• [Work instructions]: Exactly as they appear, write the lines from the one containing "Nové bydlení pro" to the final line of the entries, leaving pictures out.

BEGIN

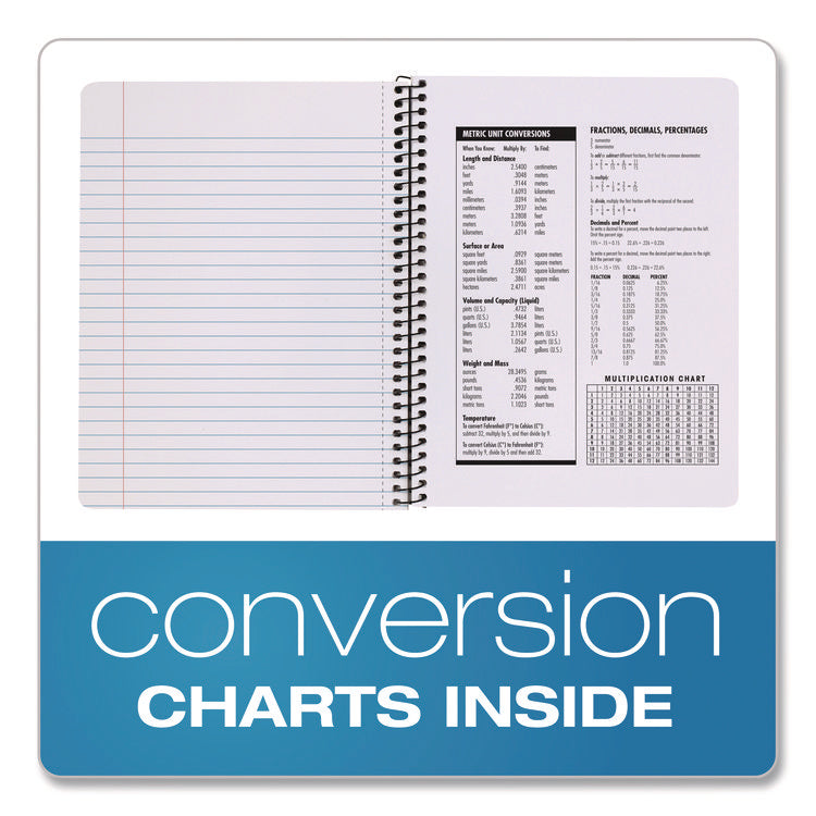 Oxford Spiralbound Composition Notebooks combine the best aspects of a spiral notebook with the school-focused design of a composition book. They're ideal as science notebooks, language-arts notebooks and personal-use journals. Thick and durable paperboard covers protect your notes, and coil-locked spiral binding allows the books to lay flat when open, while preventing snags on bags and clothing. Quality paper accommodates all pen, pencil and highlighter marks, and the inside back cover features handy conversion charts.
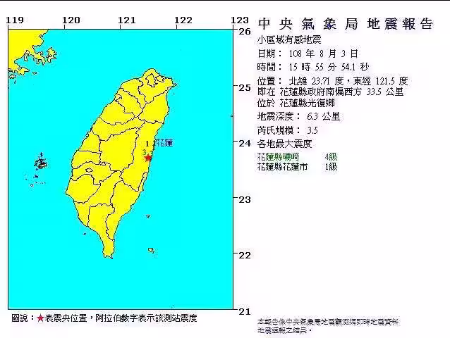 根據中央氣象署地震測報中心資料,此次地震在花蓮縣太魯閣觀測到最大震度3級,而宜蘭縣部分地區則測得震度2級。
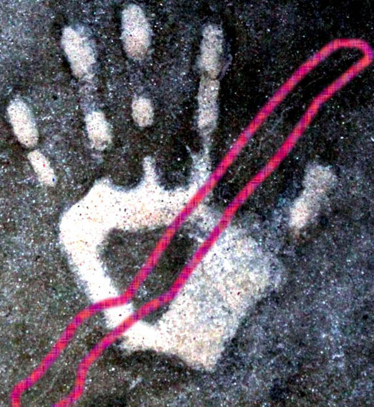 ハート型のような手のくぼみを横切るようにヒビが入っている
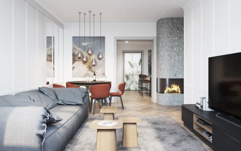 Nové bydlení pro našeho klienta se nachází v novém rezidenčním projektu na pravém břehu Vltavy. Nejvyšší podlaží penthousu je lemováno střešními terasami s neomezeným výhledem na pražské panorama. Naším záměrem bylo vytvořit prostor zabezpečující pohodlí a funkčnost.
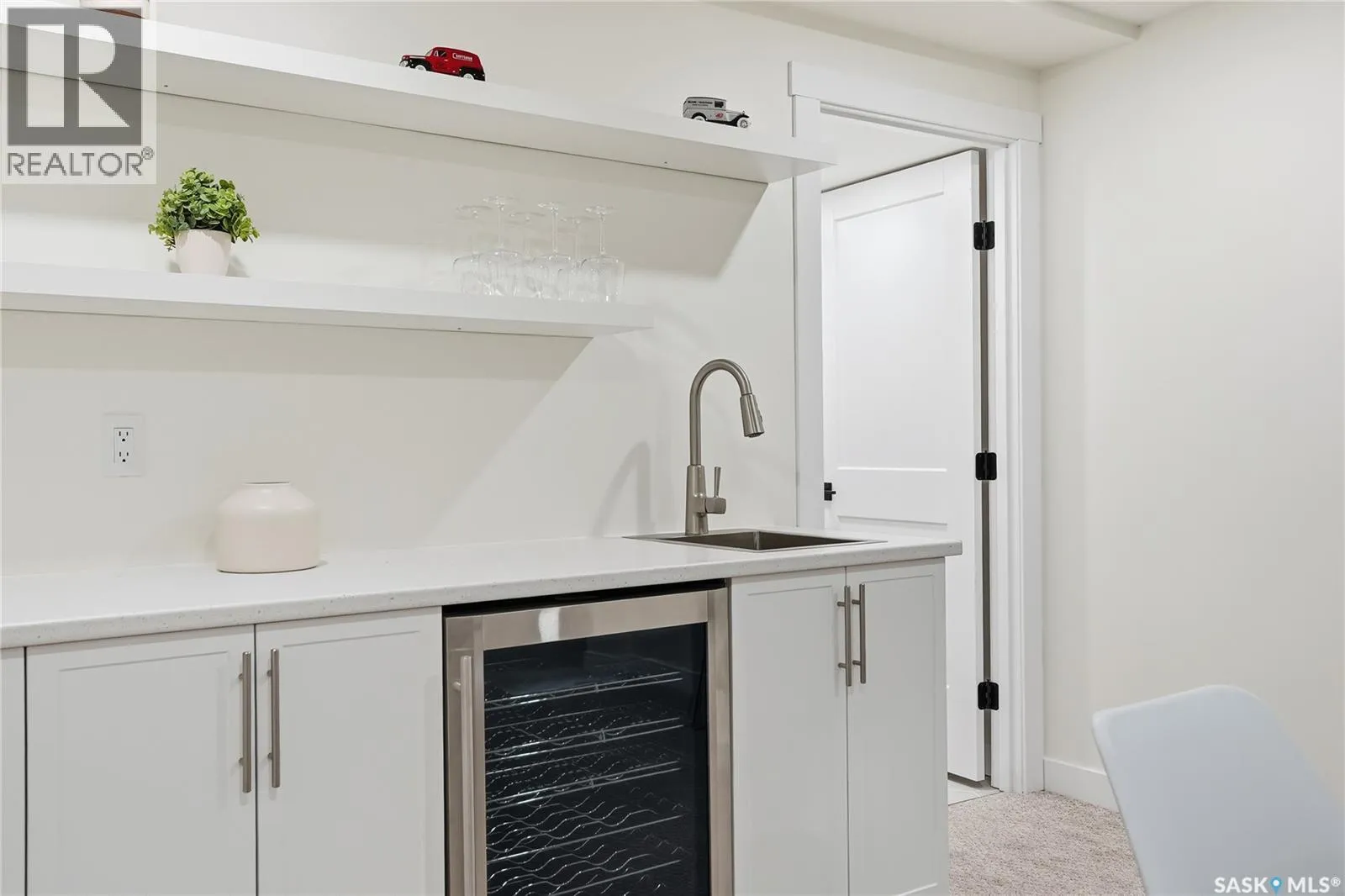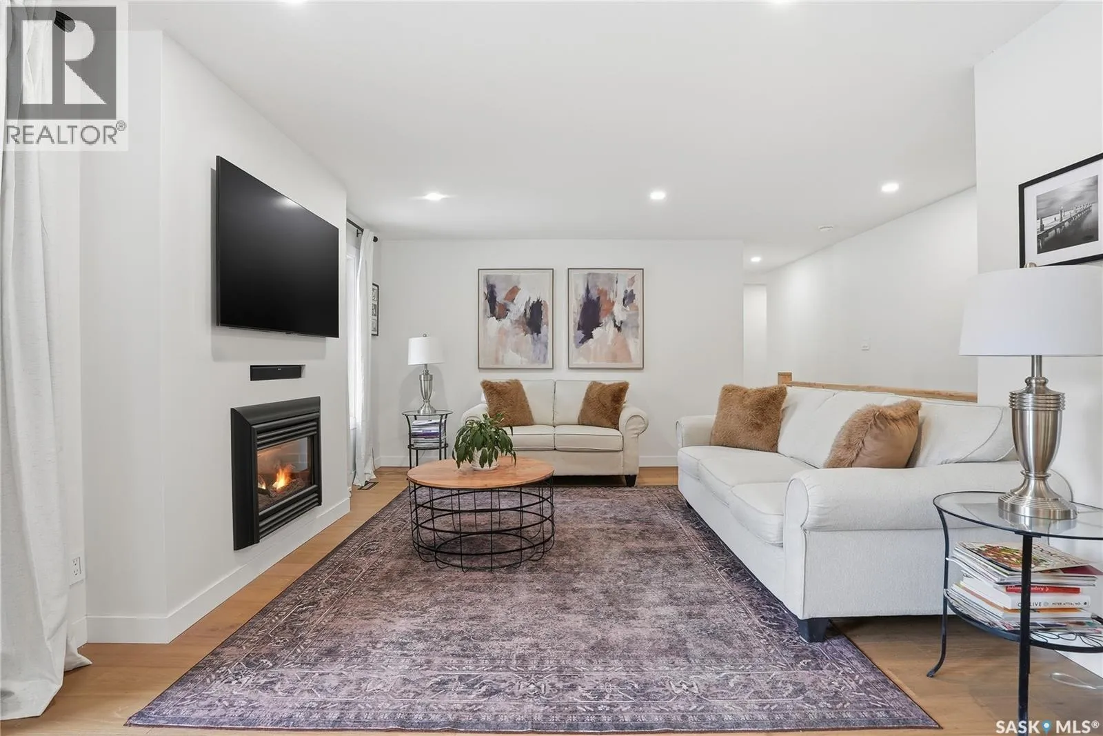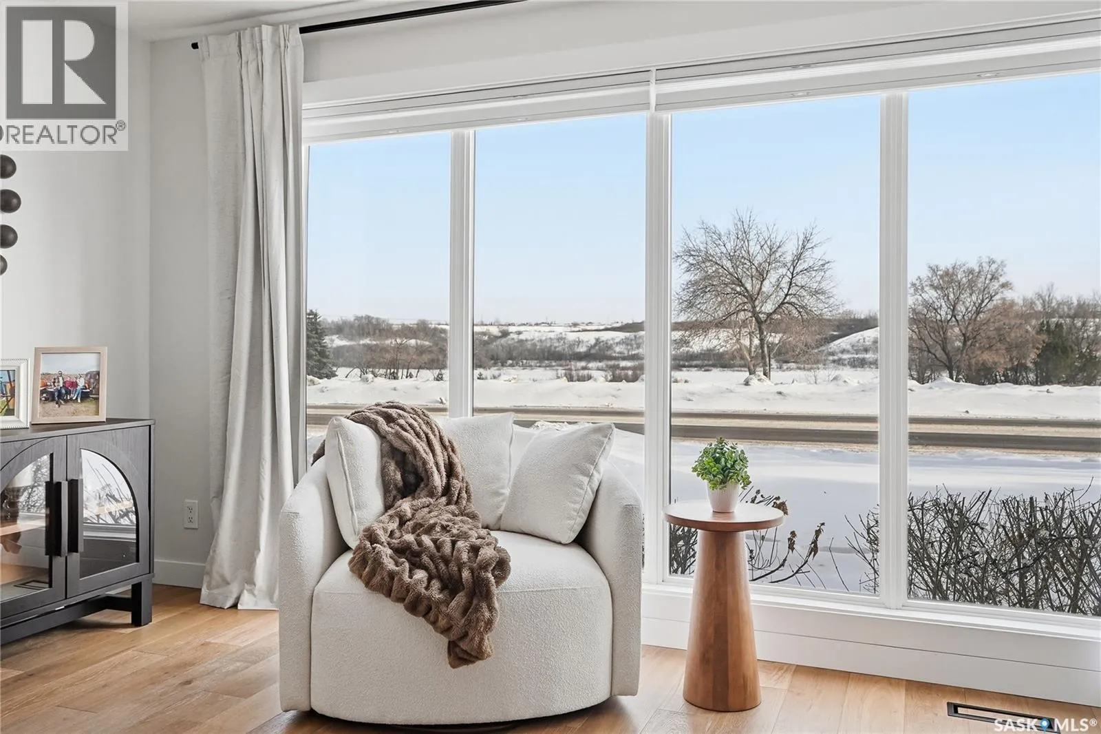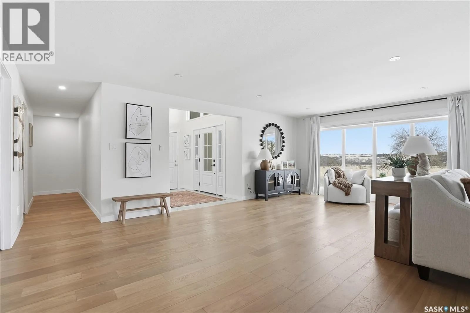 CHECK ON THE VIDEO ABOVE! Timeless style and exceptional craftsmanship define this stunning 2,691 sq. ft. bungalow in prestigious Lawson Heights, offering river views and overlooking Meewasin Trail. Welcome to 115 Whiteswan Drive, where a grand foyer with soaring ceilings creates an inviting first impression. Sun-filled living and dining areas showcase breathtaking views and feature a striking custom warm-toned wood feature wall with a sleek linear gas fireplace, ideal for both everyday living and entertaining. Beautiful new warm-coloured hardwood flooring flows throughout the main floor, enhancing the homeâs elegant, cohesive design. A private main-floor office with glass doors is perfect for working from home. The executive kitchen impresses with white cabinetry, an expansive island, quartz countertops, and a fully equipped butlerâs pantry with all new stainless steel appliances, including double refrigerators, double ovens, gas stove, beverage fridges, tall wine cooler, and warming ovenâdesigned for hosting and convenience. The breakfast nook features a south-facing window seat, while the adjoining family room opens to outdoor living. The spacious primary bedroom (19â x 13â) offers a large walk-in closet and a spa-like 5-piece ensuite. Two additional well-proportioned bedrooms share a 5-piece bath, along with rare main-floor storage and extra cabinetry. The newly fully developed lower level provides a wet bar, extra bedroom, bright 3-piece bathroom, gym/exercise space, and generous storage. Mechanical upgrades include a high-efficiency furnace and on-demand water heater. Enjoy breathtaking sunrise views from the front of the home, then unwind in a sun-filled, private backyard retreat featuring a privacy wall, stamped concrete patio, stunning brick fireplace, tranquil water fountain, lush landscaping, brand new fencing, and a shedâa truly secluded oasis. (id:27476)

END

• [Answer to this problem]:
 Nové bydlení pro našeho klienta se nachází v novém rezidenčním projektu na pravém břehu Vltavy. Nejvyšší podlaží penthousu je lemováno střešními terasami s neomezeným výhledem na pražské panorama. Naším záměrem bylo vytvořit prostor zabezpečující pohodlí a funkčnost.
 CHECK ON THE VIDEO ABOVE! Timeless style and exceptional craftsmanship define this stunning 2,691 sq. ft. bungalow in prestigious Lawson Heights, offering river views and overlooking Meewasin Trail. Welcome to 115 Whiteswan Drive, where a grand foyer with soaring ceilings creates an inviting first impression. Sun-filled living and dining areas showcase breathtaking views and feature a striking custom warm-toned wood feature wall with a sleek linear gas fireplace, ideal for both everyday living and entertaining. Beautiful new warm-coloured hardwood flooring flows throughout the main floor, enhancing the homeâs elegant, cohesive design. A private main-floor office with glass doors is perfect for working from home. The executive kitchen impresses with white cabinetry, an expansive island, quartz countertops, and a fully equipped butlerâs pantry with all new stainless steel appliances, including double refrigerators, double ovens, gas stove, beverage fridges, tall wine cooler, and warming ovenâdesigned for hosting and convenience. The breakfast nook features a south-facing window seat, while the adjoining family room opens to outdoor living. The spacious primary bedroom (19â x 13â) offers a large walk-in closet and a spa-like 5-piece ensuite. Two additional well-proportioned bedrooms share a 5-piece bath, along with rare main-floor storage and extra cabinetry. The newly fully developed lower level provides a wet bar, extra bedroom, bright 3-piece bathroom, gym/exercise space, and generous storage. Mechanical upgrades include a high-efficiency furnace and on-demand water heater. Enjoy breathtaking sunrise views from the front of the home, then unwind in a sun-filled, private backyard retreat featuring a privacy wall, stamped concrete patio, stunning brick fireplace, tranquil water fountain, lush landscaping, brand new fencing, and a shedâa truly secluded oasis. (id:27476)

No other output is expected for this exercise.